Amazon Athena

Table of contents

General

Amazon Athena is a serverless interactive query service, built on top of Presto, for accessing any data (relational, non-relational, structured, semi-structured or unstructured) directly from S3 (in different S3-tier levels) via Glue Catalog, on-premises or from multicloud environment.

Supports many data formats, such as: CSV and JSON as human readable formats; ORC and Parquet as columnar and splittable (parallelization) formats and Avro a non-columnar but splittable format.

It is compatible with QuickSight and other tools via ODBC/JDBC and it is possible to do cross-account data access.

Athena Workgroups

It is a feature for better management of Athena Users/Teams/Applications, as it can control query access, track costs, set IAM policies, Data limits, Encryption settings and keep a query history per Workgroup.

Workgroups integrate with IAM, SNS and CloudWatch.

ACID Transactions

Thanks to Apacha Iceberg, Athena supports transactional tables with time travel features. To create a table using Iceberg, just add 'table_type' = 'ICEBERG'.

These tables are compatible with EMR, Spark, Glue, etc.

With time these tables may get slower, so it is recommended to perform a periodic compaction. To do that, run the command:

OPTIMIZE table_name REWRITE DATA
  USING BIN_PACK
  WHERE catalog = 'catalog_name';

CTAS - Create Table as Select

Used to create a table from the result of a SQL Query. Can be useful for creating a Backup table, a smaller table with a subset of data or even for converting the file data type.

For example:

CREATE TABLE new_table_name
WITH (
    format='Parquet',
    write_compression='SNAPPY',
    external_location='s3://path/to/file'
)
AS SELECT *
FROM old_table_name;

Fine-Grained Access Control

The access control in Athena is not as restrictive as if you were using AWS Lake Formation. For example, it is not possible to restrict column/row access.

It is possible to allow or disallow some operations DDL/DB Management instructions though, such as ALTER or CREATE, DROP, MSCK REPAIR TABLE etc. However, it is not straight forward, as you will need to block/allow some/all the IAM Actions required for the particular operation.

Cost and Performance

It is a pay-as-you-go service, charged based on bytes of Data. This means failed queries or DDL instructions are free, but successful or cancelled queries are not.
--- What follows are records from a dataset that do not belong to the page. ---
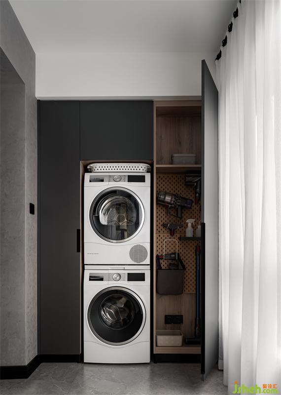 右側柜內的洞洞板上,吸塵器、小工具、清潔噴壺…分門別類收納,使用時一目了然。柜子內預留了插座,吸塵器、除螨儀、洗地機等工具可以輕松充電。
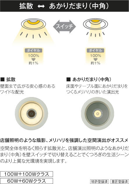 | 点灯順序 | 壁スイッチ:拡散←→中角 |
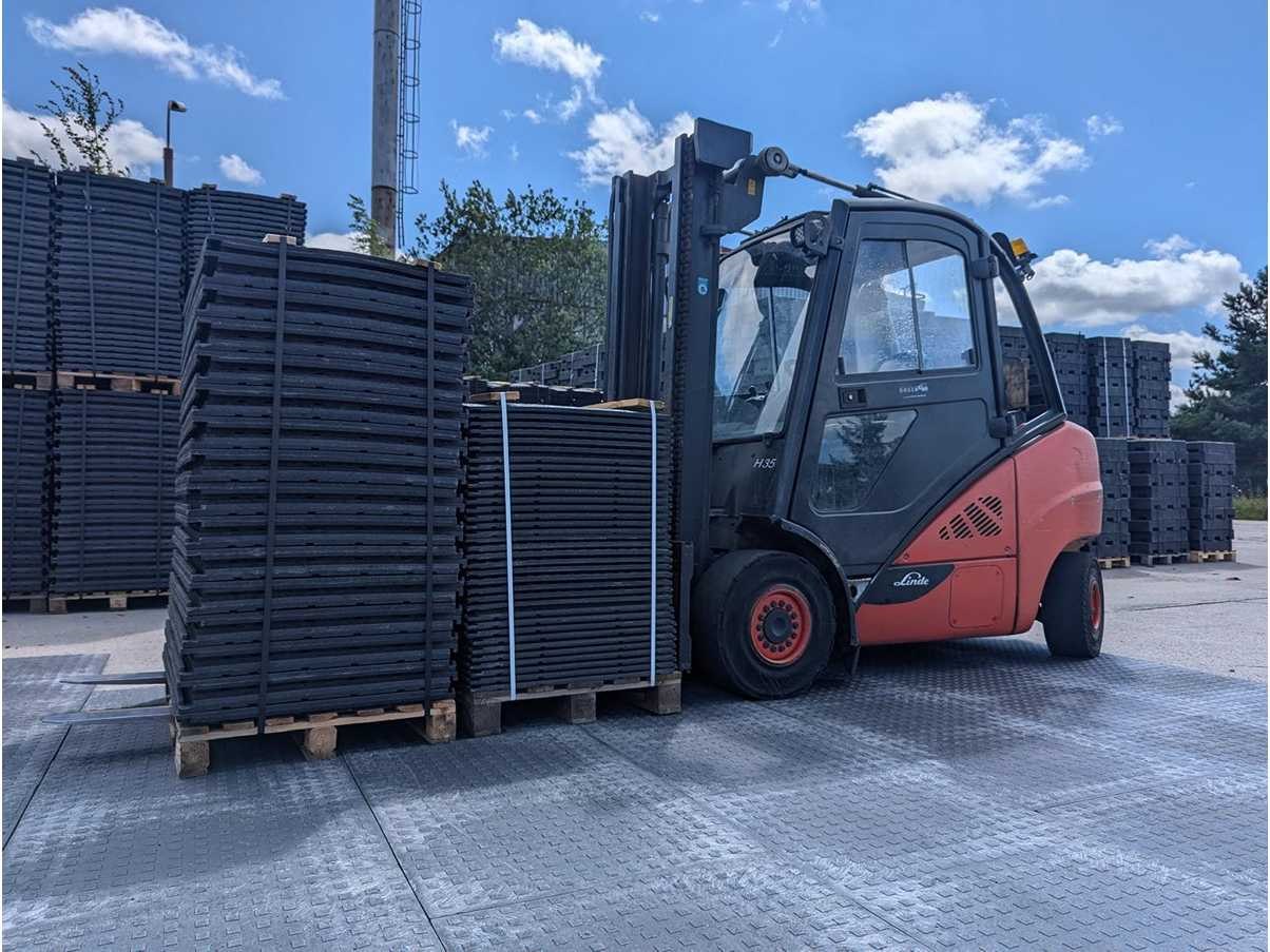Zowel in de lengte als in de breedte koppelbaar, geleverd op pallet met 35 stuks rijplaten totale oppervlakte ca 33,6 m2 per pallet, gewicht rijplaat ca 22 kg/stuk, rijplaten zijn ongebruikt. Bouwjaar: 2025 Afmeting l: 1200mm Afmeting b: 800mm Afmeting h: 28mm Kunststof: true Eigen gewicht: 22kg

S3 data transfer charges apply if the S3 Bucket is in a different region than the Athena Query. The data transferred data may be bigger than the query result.

The best way of saving on cost and increasing performance is compressing the data (with GZIP, for example), using columnar and splittable file formats, such as ORC and Parquet, partitioning the data and using a smaller number of large files instead of a large number of small files.

Anti-patterns

Athena is not recommended for:

  • Highly formatted reports;
  • ETL.

Athena Federated Query

Athena federated query uses a custom connector, which is basically a Lambda Function, to connect to any data source. It can also be used for creating pipelines and storing data in S3.

Write operations are not supported with Federated Queries.

Amazon Athena for Apache Spark

It is selectable as an alternate analytics engine and allows Jupyter notebooks with Spark within the Athena Console.

It is serverless and is priced based on compute usage and DPU per hour.